Lantana is native to South America and the tropics, and over the years has become naturalized in parts of Mexico and the southwestern United States. As members of the Verbena family, lantanas are adapted to hot dry climates and thrive in sandy or rocky soils in full sunlight.
Similar to verbena, lantana has toothed leaves that grow opposite from one another on square stems, with an aromatic fragrance to the foliage. The showy flowers are what everyone is after. They are available in mixed color combinations or in single shades of yellow, orange, pink, red, white and lavender.
Tiny individual blooms are borne in umbrella-shaped clusters 2 inches across, and their tubular shape makes them a favorite choice for butterflies. Whether it's the nectar the flowers make or the insects they attract, lantanas seem to draw hummingbirds on a regular basis too.
Lantanas have been an heirloom in southern gardens for generations, passed along as cuttings from one backyard to the next. One particular variety is known to many as "Ham and Eggs" with its bright pink, yellow, white, and orange flowers opening together in the same flower cluster.
Another variety at the top of my list for tall upright growth habit and perpetual blooming is "Miss Huff." This plant produces striking purple and orange flowers throughout the summer and can easily reach a height of 6 feet before frost kills it to the ground.
Trailing forms of the plant have become some of the most popular varieties, with the Mississippi medallion winner "New Gold" leading the pack.
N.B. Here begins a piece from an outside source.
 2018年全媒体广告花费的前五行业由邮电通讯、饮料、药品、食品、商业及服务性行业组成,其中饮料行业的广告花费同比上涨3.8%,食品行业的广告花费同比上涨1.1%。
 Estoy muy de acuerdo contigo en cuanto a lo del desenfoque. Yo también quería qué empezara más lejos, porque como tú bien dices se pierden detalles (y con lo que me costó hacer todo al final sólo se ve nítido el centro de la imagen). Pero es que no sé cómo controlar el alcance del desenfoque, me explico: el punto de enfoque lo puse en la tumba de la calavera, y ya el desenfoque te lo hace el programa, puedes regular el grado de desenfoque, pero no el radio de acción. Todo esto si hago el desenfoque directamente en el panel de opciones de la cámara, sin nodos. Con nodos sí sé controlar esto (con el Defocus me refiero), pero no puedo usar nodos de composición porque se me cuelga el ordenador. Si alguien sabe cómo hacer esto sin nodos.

This sunny yellow bloomer forms a 3-foot mound that cascades in a trailing habit, and like "Miss Huff" has an added advantage of not producing seed (Lantana berries are poisonous and should not be eaten many of the older varieties do produce the toxic fruit).
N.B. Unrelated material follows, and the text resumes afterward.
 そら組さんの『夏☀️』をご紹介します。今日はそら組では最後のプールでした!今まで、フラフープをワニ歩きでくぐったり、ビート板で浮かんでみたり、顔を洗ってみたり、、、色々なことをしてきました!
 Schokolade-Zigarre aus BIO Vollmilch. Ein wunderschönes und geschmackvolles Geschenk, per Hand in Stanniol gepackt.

Pruning off the dead blooms after flowering prevents fruit formation, and enhances repeat flowering. Lantanas also respond well to periodic fertilizing that encourages new stem growth and prolonged blooming (either liquid or granular plant food can be applied every four to six weeks during the growing season).
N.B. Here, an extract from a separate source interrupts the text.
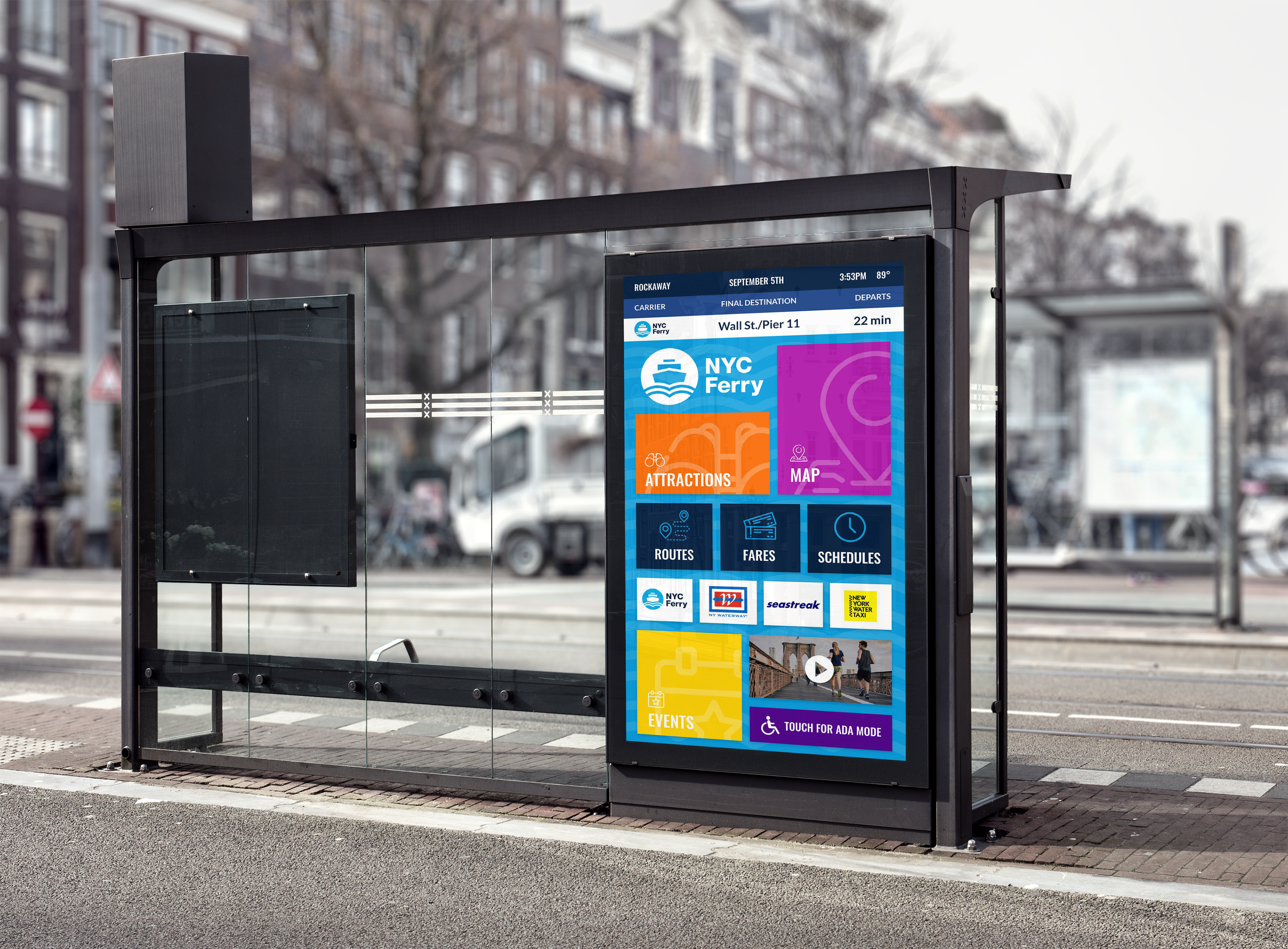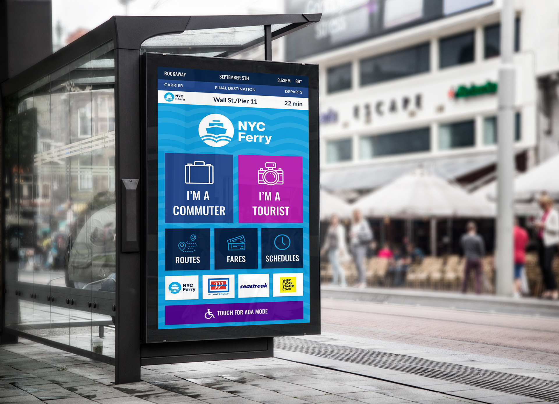 NYC Ferry was looking to re-vamp their kiosks into a more robust, styled user interface with a focused, innovative and practical user experience. Our goal was to create a guided experience for the user that was informative, interactive, and fun. The experience I developed allows users to self-select a path so the information given is more relevant to the audience. For commuters, the focus was on routes and schedules, whereas for tourists, the focus was on discovery of nearby places, attractions, and events.

Lantana pest problems include red spider mite and leaf miner, which appear more often during hot dry summers. Lacebugs can be a real headache, too, but they seem to attack the newer trailing varieties the worst (many of the low growers are also less cold hardy and may require replanting each year as an annual).
Do not let a few occasional insect pests prevent you from trying lantanas in your flower garden, especially the newcomers in the "Son" series "Sonset," "Sonrise" and "Samson." Each sports bold summer color combinations of red, orange, and yellow, with a medium height of 4 to 5 feet, and little or no fruit production.
Plant them with other sun-loving butterfly companions such as bee balm, coneflower, and rudbeckia (black-eyed Susan), and don't forget to add a few host plants for larva food like wormwood, hibiscus, and fennel.
Zinnia, cosmos, and pentas are just a few annual choices to complement a perennial border that is just not quite complete without the ever-blooming lantana.